Similar blocks are found one at a time, but BLOCK_RANGE operations on consecutive blocks are combined to produce even smaller patches.
When no similar blocks can be found, data from the new files (called fresh data
)
is directly written to the patch, in chunks of at most 4MB (ie. DATA operations).
The signature of the old
container
For the diff algorithm to run, a signature of the old container must be obtained. It contains:
- The old container's layout:
- A list of directory names and their permissions
- A list of symbolic links, their targets and permissions
- A list of files, their permissions, and size
- A list of block hashes corresponding to 64kB blocks (or less) of all the container's files.
Directories and symlinks have no contents, so they don't have block hashes. Order in the files list matters, as block hashes and operations refer to files by their index in the container's file list, rather than using their path.
The signature could for example be read from a file or network connection. Alternatively, if we have full access to the old container, the signature may be computed by reading and hashing all files from the old container.
Reading an existing signature
Hashes stored in a signature file have two fields:
- Weak hash (4 bytes)
- Strong hash (32 bytes)
When reading hashes sequentially from a signature file, one must keep track of where in a file and which file of the container the current hash corresponds to. This process is called anchoring hashes.
For example, a container with the following files:
- foo.dat - 130kB file
- bar.dat - 12kB file
...would yield a signature with four hashes:
- size: 64kB, fileIndex: 0, blockIndex: 0
- size: 64kB, fileIndex: 0, blockIndex: 1
- size: 2kB, fileIndex: 0, blockIndex: 2
- size: 12kB, fileIndex: 1, blockIndex: 0
Storing the file index, block index, and block size in signature files isn't necessary, since the container's file list gives all the information needed to predict the hash layout. That's the reason the protobuf BlockHash message only includes the weak hash and the strong hash.
Anchoring block hashes
Here's a pseudo-code algorithm showing how to deduce the file index, block index, and block size, given a container.
full_block_size = 64 * 1024
file_index = 0
block_index = 0
block_size = full_block_size
byte_offset = 0
while (hash = read a BlockHash message from the signature file)

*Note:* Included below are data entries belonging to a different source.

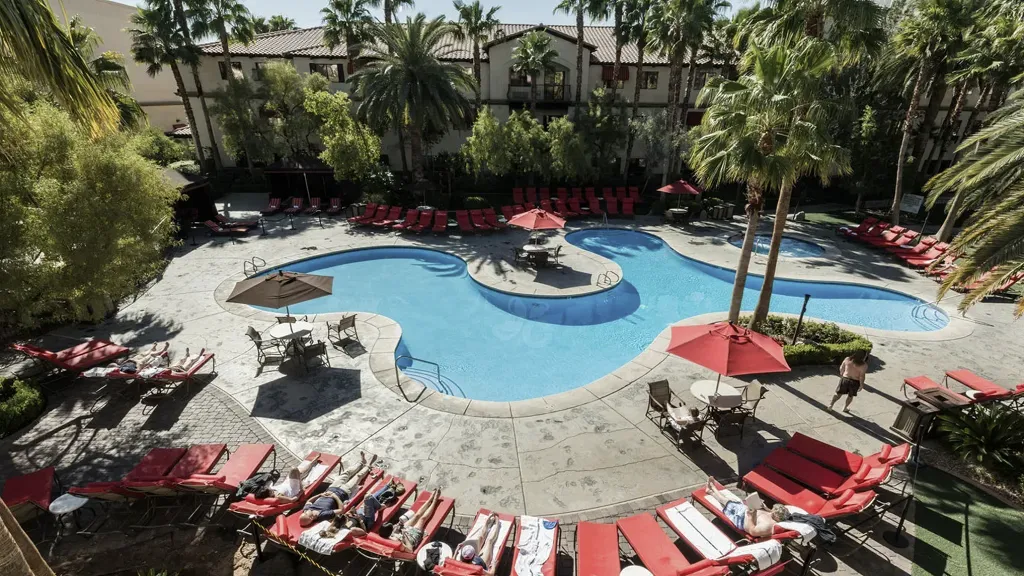 리조트 라이프의 핵심인 부대시설 역시 훌륭합니다. 야자수와 이탈리아풍 건축물로 둘러싸인 야외 수영장은 사막의 더위를 잊게 해주는 오아시스 같은 공간입니다. 따뜻한 햇살 아래 태닝을 즐기거나 랩 풀(Lap pool)에서 수영을 하며 여행의 피로를 씻어낼 수 있습니다. 또한 전문적인 스파 시설과 최신 운동기구를 갖춘 피트니스 센터가 마련되어 있어 웰니스 라이프를 실현하기에 부족함이 없습니다. 위치적으로도 스트립 주요 명소와 가까우면서도 혼잡함에서는 한 발짝 물러나 있어 접근성과 휴식의 밸런스가 완벽합니다. 비교적 저렴한 가격에 이 모든 시설을 누릴 수 있다는 '가성비'는 이곳을 다시 찾게 만드는 가장 큰 이유입니다.
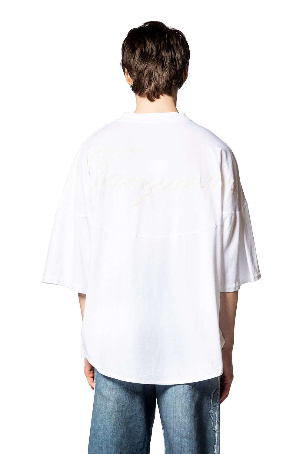 LE TSHIRT ATELIER MC 50's WHITE from Jacquemus embodies the quiet luxury of a modern staple elevated by craft and provenance. Cut from pure cotton jersey and assembled in Portugal, it balances everyday ease with atelier-level attention to detail. The silhouette remains timeless, while subtle branding—an embroidery inspired by Simon Porte Jacquemus’ handwriting—adds a refined texture that rewards close inspection. Every stitch speaks to a careful lineage: crisp rib-knit neck, pristine seams, and a finish designed to endure season after season.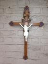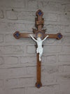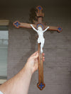 vintage wood carved cross With bisque porcelain christ corpus very beautiful 1960s 59 x 36 cm WORLDWIDE...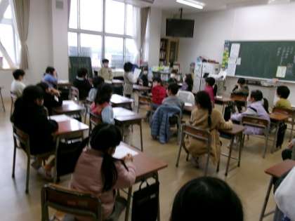 1年生は、小学校生活で初めての年越しとなりました。がんばってきた宿題を出したり、お互いの目当てを聞き合ったりしました。とても落ち着いて過ごしていました。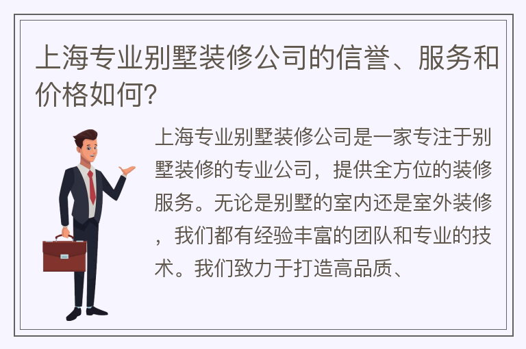 上海专业别墅装修公司的信誉、服务和价格如何?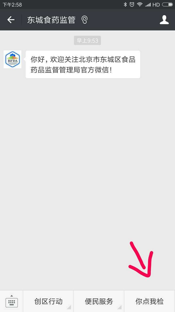 百姓线上提交诉求,食药监部门线下检测,百姓点什么食品,食药监部门就检什么,这是东城区食药监局在微信上开通的“你点我检”平台。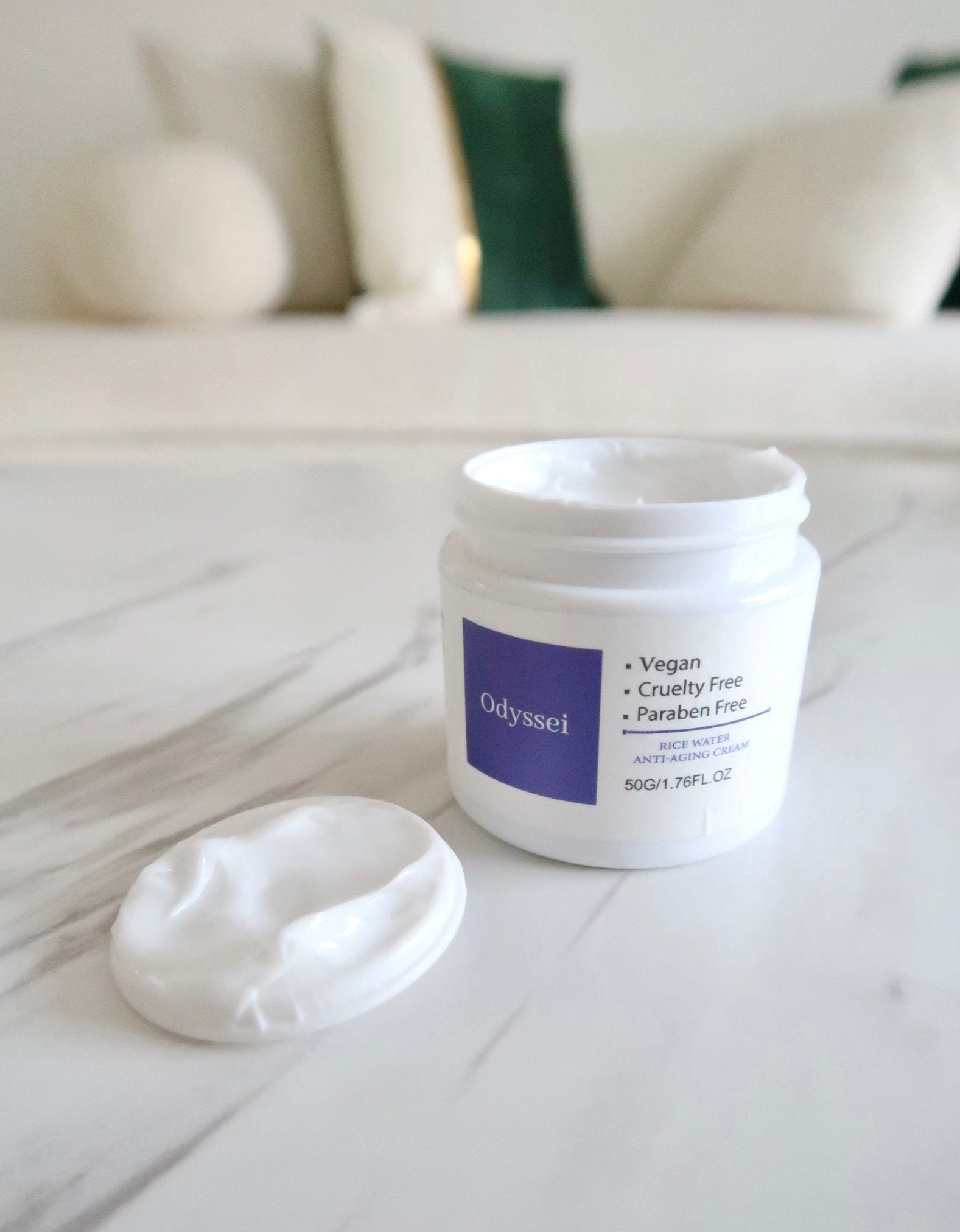 Our Rice Water Anti-Aging Cream consists of an advanced formula, infused with Vitamin E, Ginger Root Extract, and Hyaluronic Acid to minimize even early signs of aging by improving radiance, boosting collagen, and effectively conditioning the skin barrier.

size_diff = (size of file at file_index) - byte_offset
short_size = 0
if (size_diff < 0)
-- moved past the end of the file
byte_offset = 0
block_index = 0
file_index = file_index + 1
size_diff = (size of file at file_index) - byte_offset
if (size_diff < full_block_size)
-- last block of the file
short_size = size_diff
else
short_size = 0
add AnchoredBlockHash(
file_index,
block_index,
short_size,
hash.weak_hash,
hash.strong_hash) to block library
byte_offset = byte_offset + block_size
block_index = block_index + 1
Note: blocks that are exactly 64kB large have a short_size of 0, since it is a very common case, and 0 is the default value of an integer in protobuf, and default values don't take up any space in protobuf encoding.
Constructing the block library
Although hashes are stored in a sequence, the diffing algorithm needs them
to be in an associative data structure, indexed by the weak hash. Note that
one weak hash may be associated to more than one block. The structure's type
is thus Map of <Weak hash, <Array of block hashes>>
The weak hash's output is only 32 bits, thus there is a high chance of collision, but it still lets us avoid computing the strong hash most of the time. Think of the weak hash as a mechanism to quickly eliminate most of the mismatches.
Scanning files and looking for matching blocks
Picture a file as a series of bytes, and the algorithm as a scanner with a head and a tail:
+-----------------------------------------------------------+
| file |
+-----------------------------------------------------------+
^ ( 64kB ) ^ ^
| | |
tail head EOF
| |
+-------------------+
| potential block |
+-------------------+
|
owed data tail
First, the weak hash is computed for the potential block (fast).
Then, if the block library does not contain entries for that weak hash, the tail and head both move 1 byte to the right.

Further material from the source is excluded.